A researcher in the University of Texas Southwestern Medical Center biophysics department is discerning the mechanisms cells use to manufacture ribosomes. He hopes to figure out how to muck up the assembly line in order to stop cancer from reproducing. Jan Erzberger was recruited in 2015 from ETH Zürich, in Switzerland, where he was a senior research fellow, with the help of a First-Time Tenure-Track Award from CPRIT.
Ribosomes are like little robots, gathering amino acids and stringing them together to assemble them into protein chains. “Think of an assembly line that’s completely run by robots, which are very flexible and can build whatever you want,” Erzberger says. “But if you decide in two weeks to have twice as many cellular building blocks available, the thing you have to make first is more robots. In a fast-growing cell, like cancer, you are always making more ribosomes.”
Erzberger uses yeast cells to study the biomechanics of ribosome synthesis, which uses essentially the same process that human cells use. “There are not many differences between ribosomes in baking yeast and you,” he says. “We’re trying to get the overall idea of the big picture in yeast because it’s faster, and then apply that to understanding human cells. We can make all the mistakes in the faster, cheaper system.”
Once the basic mechanisms have become clear, Erzberger says he can begin a much more targeted investigation of mammalian cells, to find the most vulnerable or easiest place to throw in a monkey wrench. “We’re trying to stop the production of ribosomes,” he says, “which should deep-six everything that is required for growth.”

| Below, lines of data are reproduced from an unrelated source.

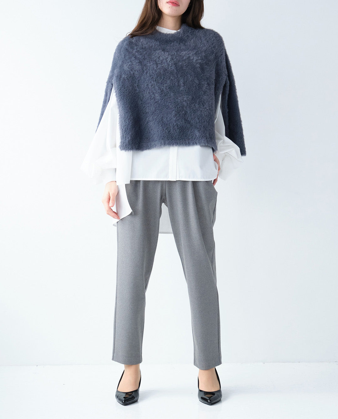 秋冬のボリュームのあるアウターやニットともバランスよくなじみ、全体をスマートな印象へと導きます。
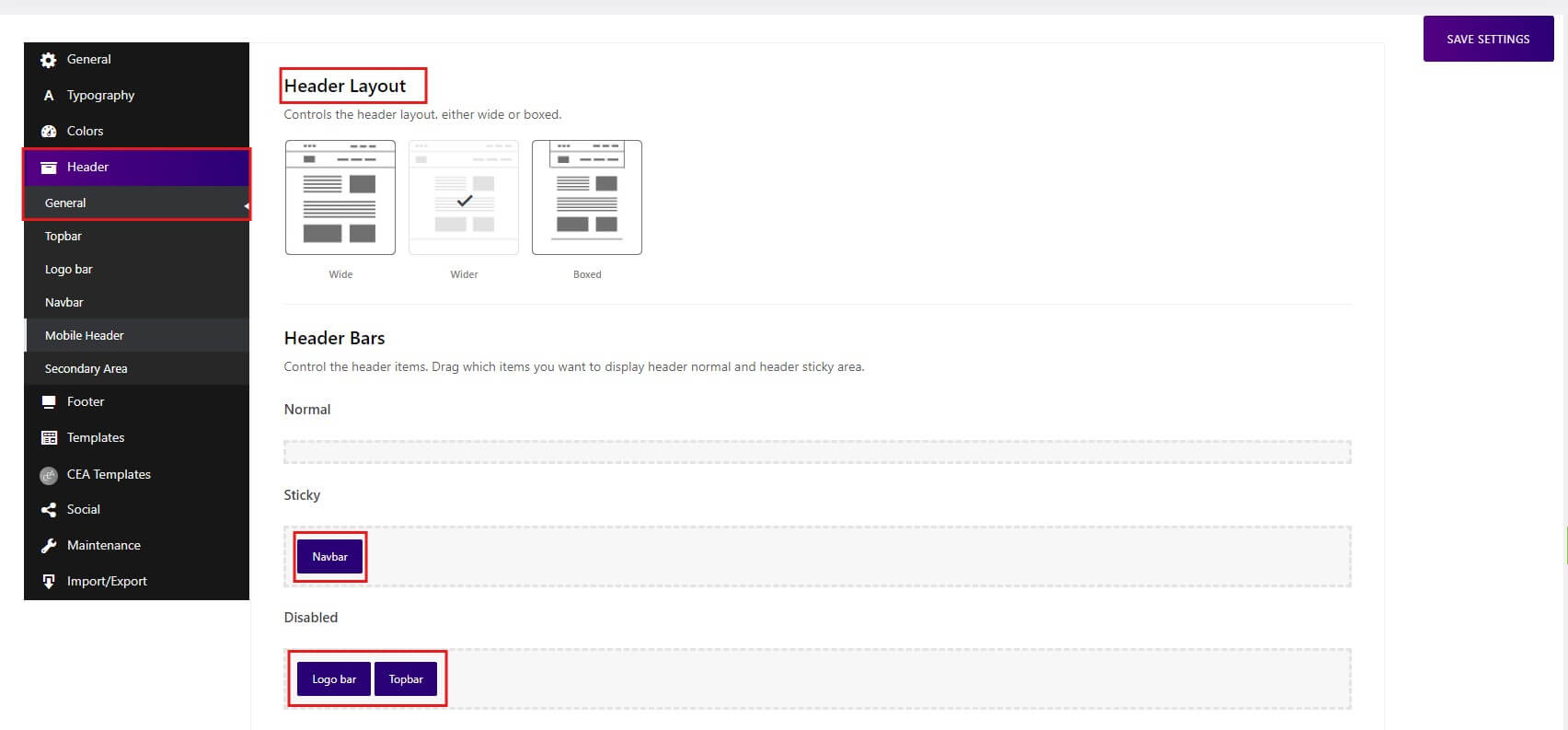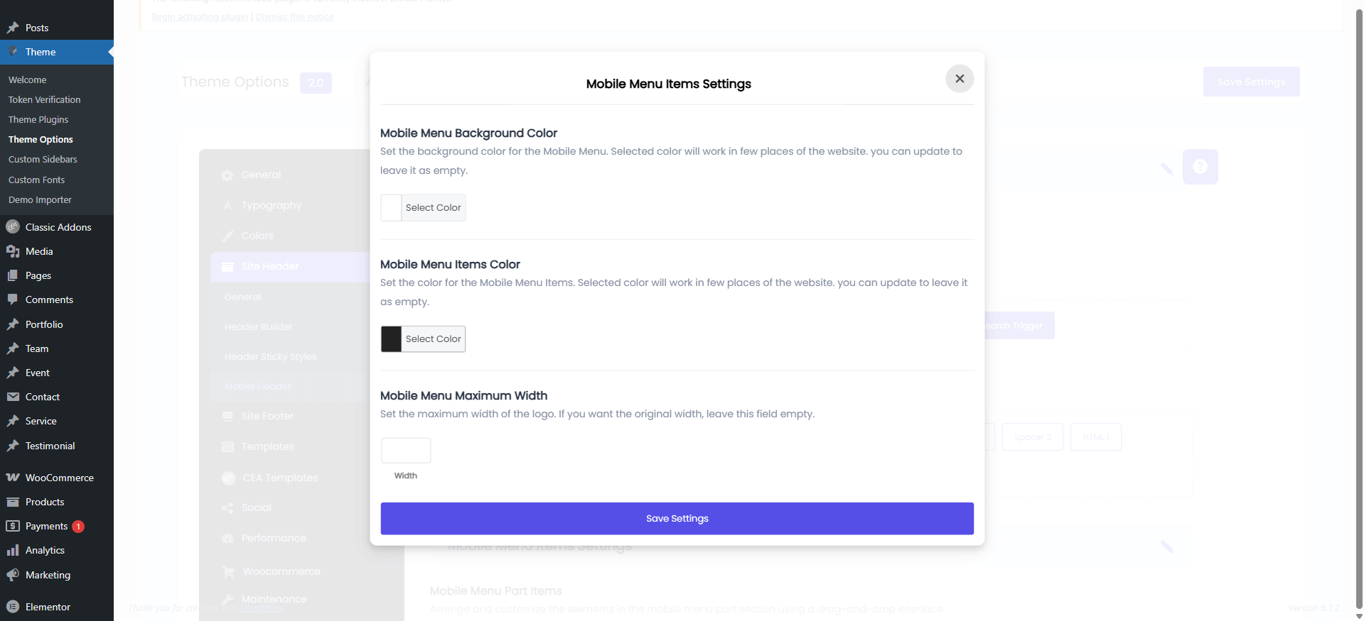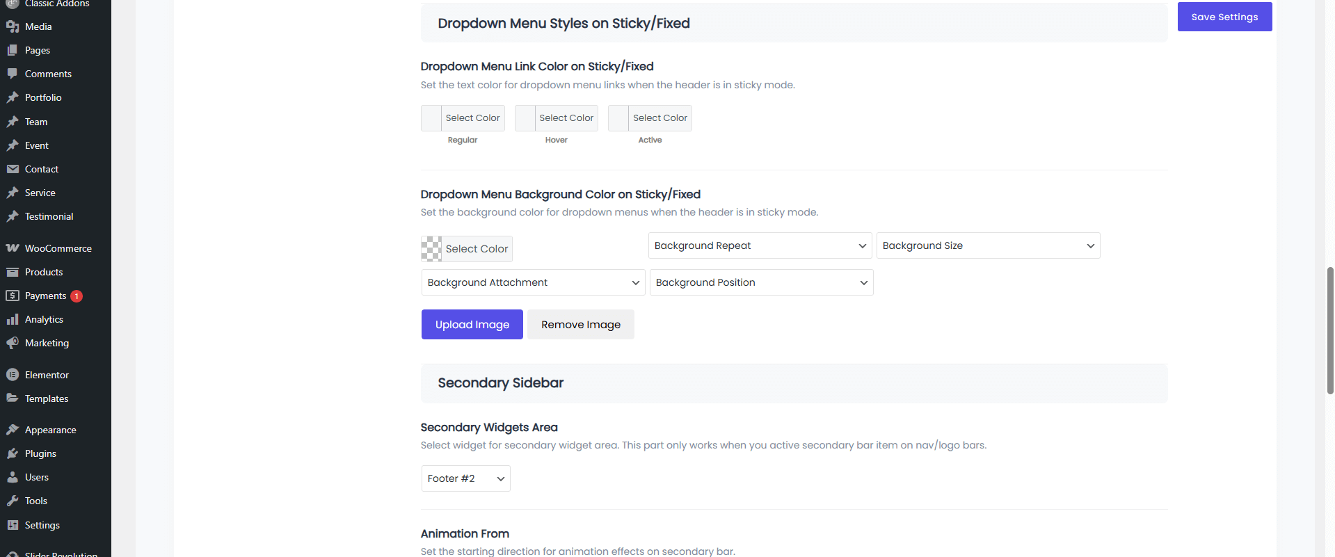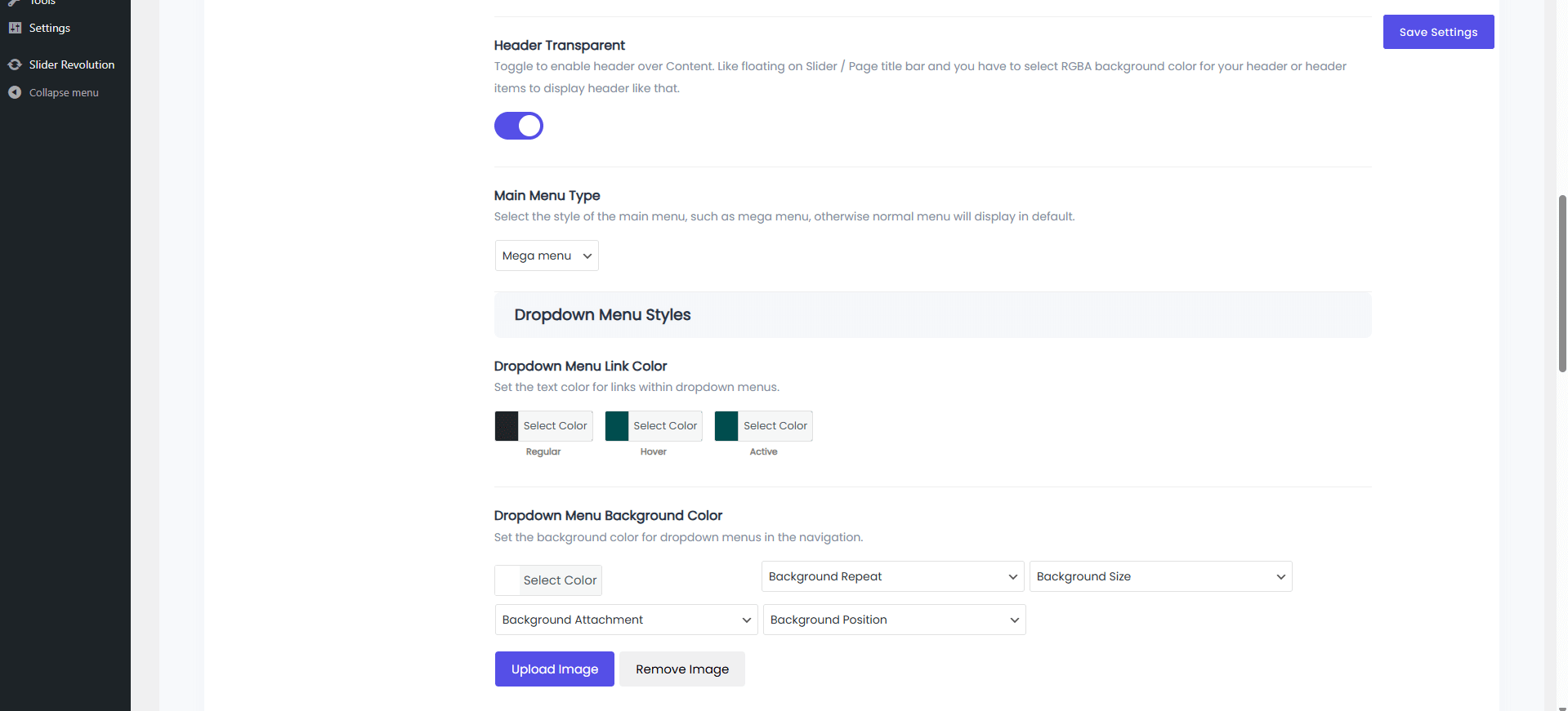 Menus Settings:
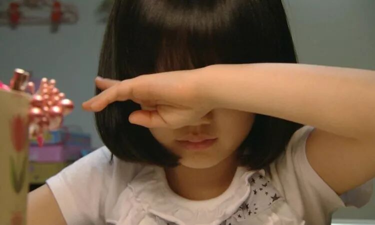 【3】一个小女孩,被继母打成熊猫眼,双眼只能咪成一条缝继续行走。
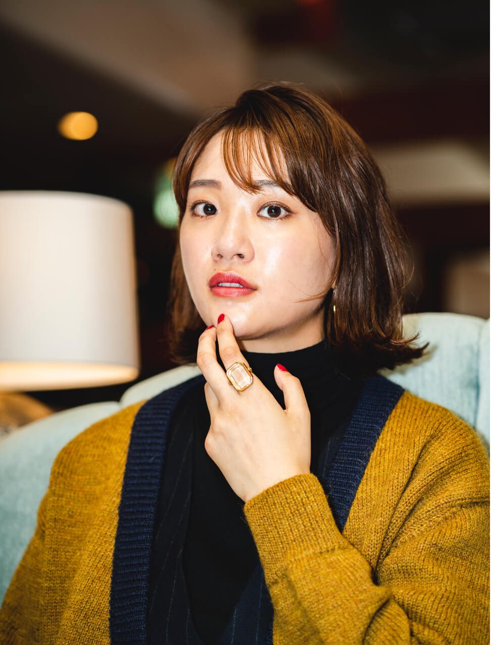 - TIPS / 秋冬になるとつけたくなるのが、気持ちが高揚する赤ネイル。クールなスタイリングと対照的な手元が印象的。レトロなストーンリングもこなれたワンポイントに。
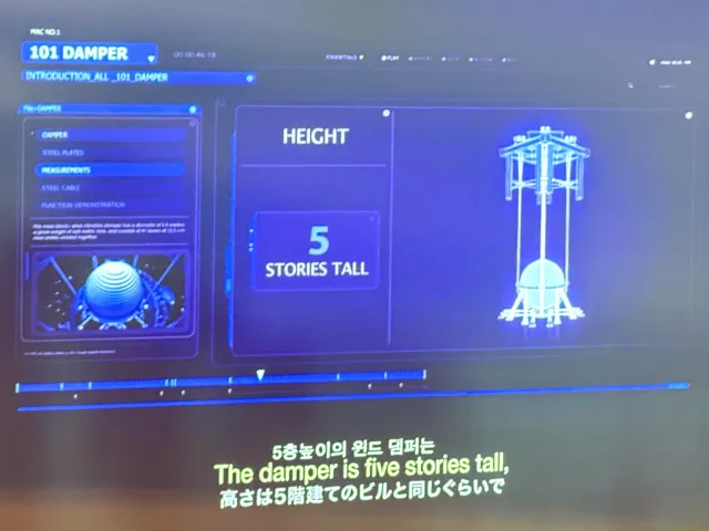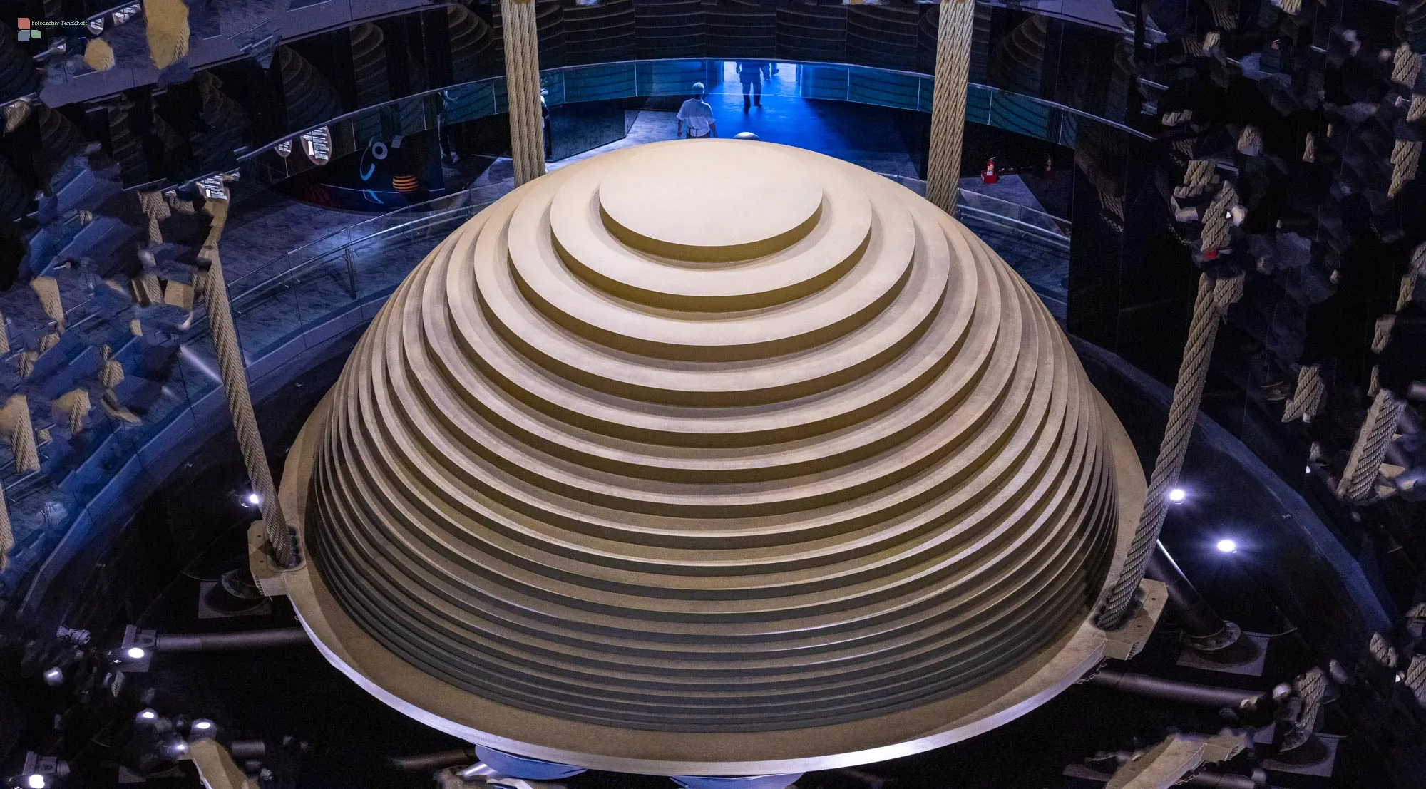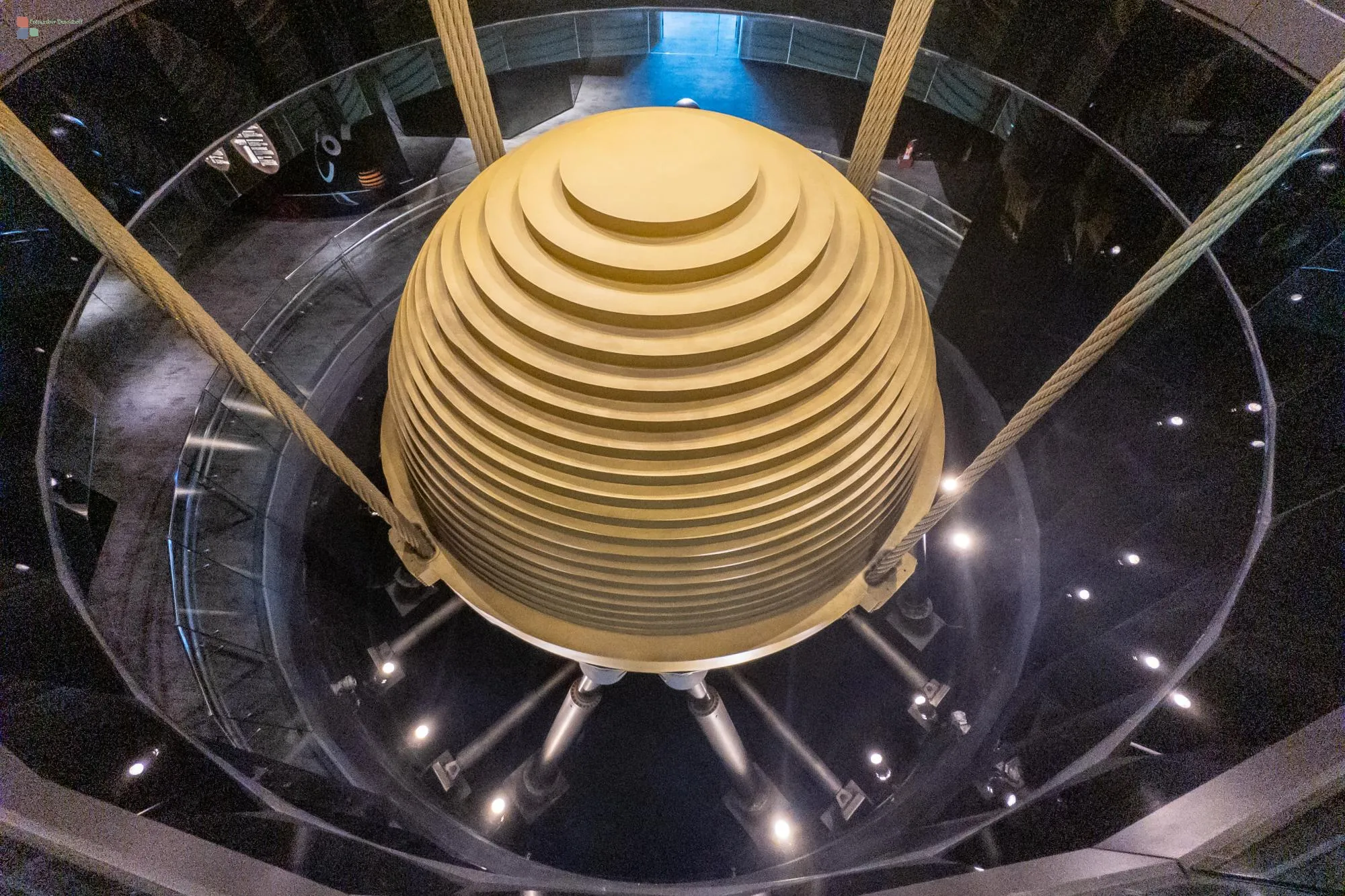 Doch was diesen Wolkenkratzer wirklich einzigartig macht, ist das, was im Inneren schwingt: ein 728 Tonnen schwerer Dämpfer, eine goldene Stahlkugel von 5,5 Metern Durchmesser, die wie das Herz des Turms zwischen dem 87. und 92. Stock pendelt. Sie gleicht Wind- und Erdbebenbewegungen aus – und demonstriert, wie man mit Ruhe und Masse den Kräften der Natur begegnet.

He is taking advantage of recent breakthroughs in a technique called cryo-electron microscopy, or CryoEM, which allows him to see the structures of proteins without having to isolate and crystallize them first. CryoEM, he says, has advanced the field of microscopy in the past decade as much as the Hubble Space Telescope revolutionized astronomy when it was first launched. CryoEM changed the resolution level to make much smaller structures visible. He says CPRIT’s financial support was crucial for enabling him to make use of CryoEM.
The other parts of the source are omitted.